Spencer came to the story after spending the past 10 years writing about education for the New York Times and other outlets. At various universities, she encountered “young, flip-flop-wearing dudes” pushing legislation to permit the carrying of guns on college campuses. Discovering that the lobbying organization Gun Owners of America was funding these activists, she searched for similar groups and eventually got invited to a 48-hour training program for young conservatives at the Leadership Institute.

“It was mind-numbingly boring for me,” she says, “but these kids were eating it up. They were excited to tell me how effective they were.”

Spencer’s agent, Larry Weissman, sees Raising Them Right as a companion to his client Michelle Goldberg’s bestseller Kingdom Coming: The Rise of Christian Nationalism. “Kyle is zeroing in on the next generation of young people who want to burn the thing down and seize political power,” he says. “And she somehow convinced them to let her into their inner sanctum.”

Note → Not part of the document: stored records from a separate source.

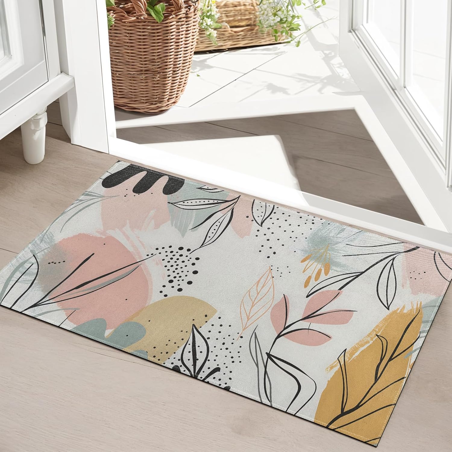 SOAYOH Abstract Leaf Indoor Door Mat, Minimal Pastel Botanical Design Front Doormats, Retro Entryway Area Rug 17×29.5 Inch Soft Non Woven Floor Mats for Porch Kitchen Bathroom Decor Gifts
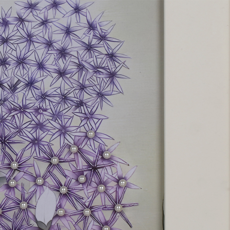 Product Craftsmanship: MDF backboard, printed silk fabric on the canvas, partial embroidery with sequins, Front acrylic glass panel
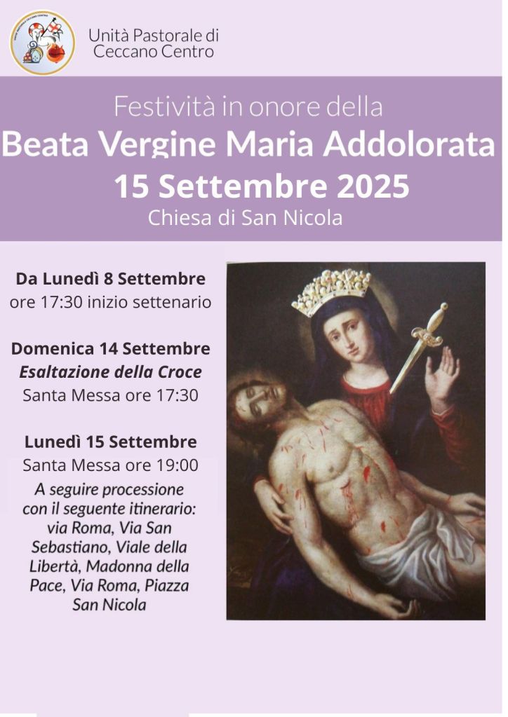 La Messa ci sarà alle ore 19 e poi uscirà la processione con il quadro che rappresenta la Vergine addolorata. La processione si avvierà per via Roma, scenderà in via S. Sebastiano, risalendo poi per viale della Libertà, via Madonna della pace e rientrerà in S. Nicola.
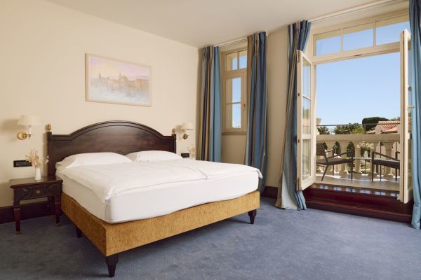 Camera doppia Superior con balcone: le confortevoli camere doppie Superior dispongono di balcone con vista sullo splendido e curato parco mediterraneo. 23-26 mq, letto king size (180x200 cm).

Though Spencer was surprised by how much she initially liked her subjects (“I found their politics repulsive, but I was really impressed with their drive, their ambition”), her perspective had changed by the end of her reporting in May 2022. “I saw it with people I was up close with—the shift from troublesome to completely power-hungry and antidemocratic,” she says. “By the end, I was scared to death of them.” —D.A.

Visible Cities

Mairead Small Staid

Mairead Small Staid’s debut, The Traces: An Essay (A Strange Object, Sept.), tackles an idea she thinks a lot of young writers shy away from: happiness. “I thought my pain was the most interesting thing about me, and it took a while to shake off that idea,” Staid says. “But I became intrigued by happiness and by what it could offer as a concept, intellectually, aesthetically, and as a form.”

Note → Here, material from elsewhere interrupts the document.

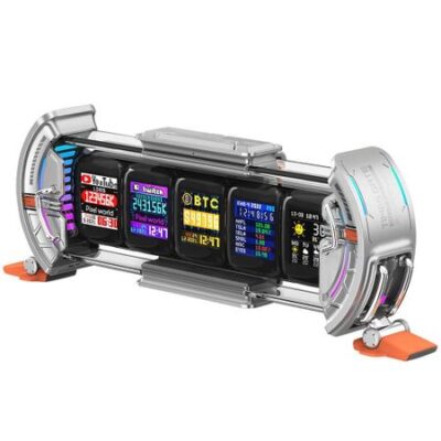 Пиксельный дисплей Divoom Times Gate — завораживающее сочетание передовых технологий и эстетики киберпанка, тщательно разработанные для того, чтобы превратить вашу игровую комнату в захватывающий футуристический рай. Особенности Интеллектуальный помощник по жизни Благодаря фирменному приложению Divoom данный гаджет станет вашим интеллектуальным помощником, позволяя вам свободно создавать шаблоны экрана и циферблаты данных. Практичные циферблаты включают в себя мировые часы, прогноз погоды в реальном времени, специальные календари праздников, что помогает вам управлять временем и задачами. Интеллектуальные панели управления данными отображают ваши виртуальные активы, такие как курсы фондовых бирж, количество подписчиков в социальных сетях и данные об отдельных играх, предоставляя вам исчерпывающую информацию Будильники Цифровые часы с 5 высококачественными полноцветными LCD-экранами IPS — это шедевр, в котором органично сочетаются креативность и технологии. Каждый экран дисплея способен демонстрировать потрясающие статические изображения размером 128х128 пикселей и динамические GIF-файлы с фиксацией времени в пределах каждого кадра. Независимо от того, стоят ли часы на полке в игровой комнате или используются в качестве украшения офиса, они станут неотъемлемой частью вашего домашнего интерьера, придавая помещениям неповторимый шарм и стильную атмосфер RGB-подсветка 45 светодиодов RGB высокой яркости, которые могут отображать 16 миллионов цветов, настраивать множество различных цветов и динамическую или статическую подсветку в приложении, а также демонстрировать красочные и насыщенные световые эффекты. Создавайте атмосферу освещения с помощью различных тем, создавая не только крутые игровые и киберспортивные декорации для рабочего стола, но и пиксельные графические гаджеты в стиле киберпанк Свобода творчества Создавайте потрясающие визуальные эффекты или анимацию с помощью приложения Divoom, которые выражают ваше настроение, послание или миссию. Приложение Divoom предлагает полезные инструменты рисования для создания собственного изображения, анимации и прокрутки текстовых сообщений, а также простой импорт созданных изображений и GIF-файлов. В приложении также есть огромная галерея и сообщество, где вы можете делиться своими рисунками, а также взаимодействовать с энтузиастами пиксельной графики по всему миру

The work grew out of an essay Staid started writing in 2014 about Italy, the novelist Cesare Pavese, depression, and suicide. “I had notes compiled for a year or more, and it just didn’t work,” she says. “It kept accruing new material to itself without really taking a shape.” As she continued working on it, she reread Italo Calvino’s Invisible Cities. That’s when she realized she had a book on her hands—one that would examine memory, literature, “the nature of happiness,” and her time traveling in Italy.

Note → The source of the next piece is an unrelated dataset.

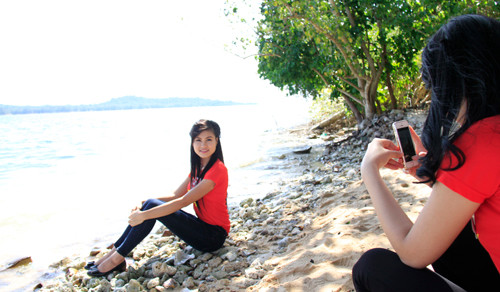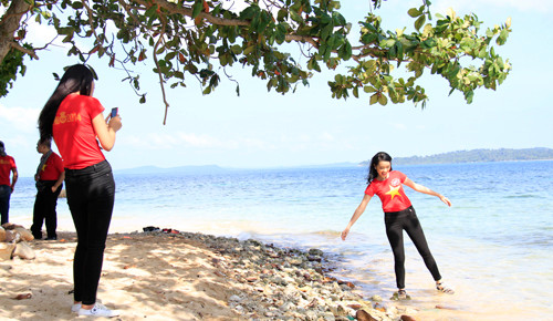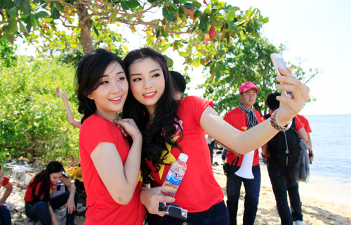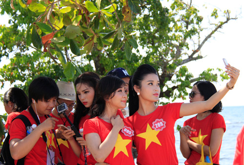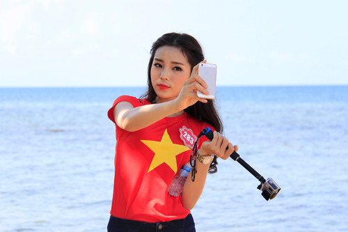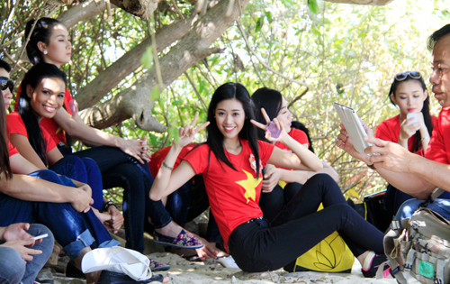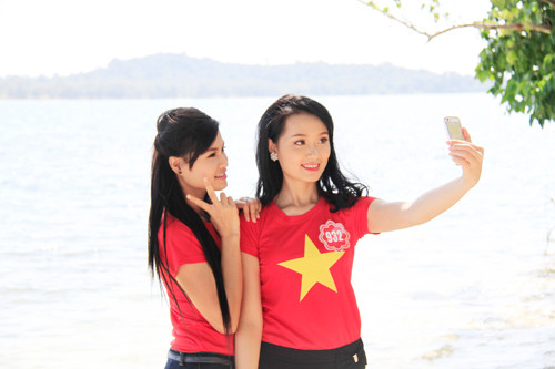 TPO - Tranh thủ giờ nghỉ giải lao giữa lúc quay MV “Tổ quốc gọi tên mình”, các thí sinh hoa hậu rủ nhau tạo dáng, chụp những hình ảnh tinh nghịch, tươi vui trên đảo. Nhiều thí sinh còn dùng cả “gậy tự sướng” của các nhiếp ảnh gia để chụp cho mình những bức hình ấn tượng.

Calvino’s novel became the organizing principal behind The Traces. “Once I had kind of stolen the structure, which I hope he wouldn’t mind, it became a lot easier to fit all of these accumulated materials and fragments into a whole,” Staid says. She finished it “in a flurry” in 2017, while at Exeter on a George Bennett Fellowship.

Staid has an MFA in poetry from the University of Michigan, and that training is in large part what made her writing stand out to Jill Meyers, cofounder and editorial director at A Strange Object. It gave Staid a particular eye for imagery, Myers says. “The way that she describes the world and engages with art is so dynamic. She’s able to keep so many topics in play, she can really marshal so many ideas and keep you moving between those ideas. It’s done in a gorgeous way.”

Staid notes that what she admires about Invisible Cities is that it’s a conversation—one that she’s eager for The Traces to join. “I’m drawing on all these thinkers that I admire, and that conversation needs a reader. The book begins with the word you in the very first line. I’m hopeful that people will enjoy being part of that.” —C.R.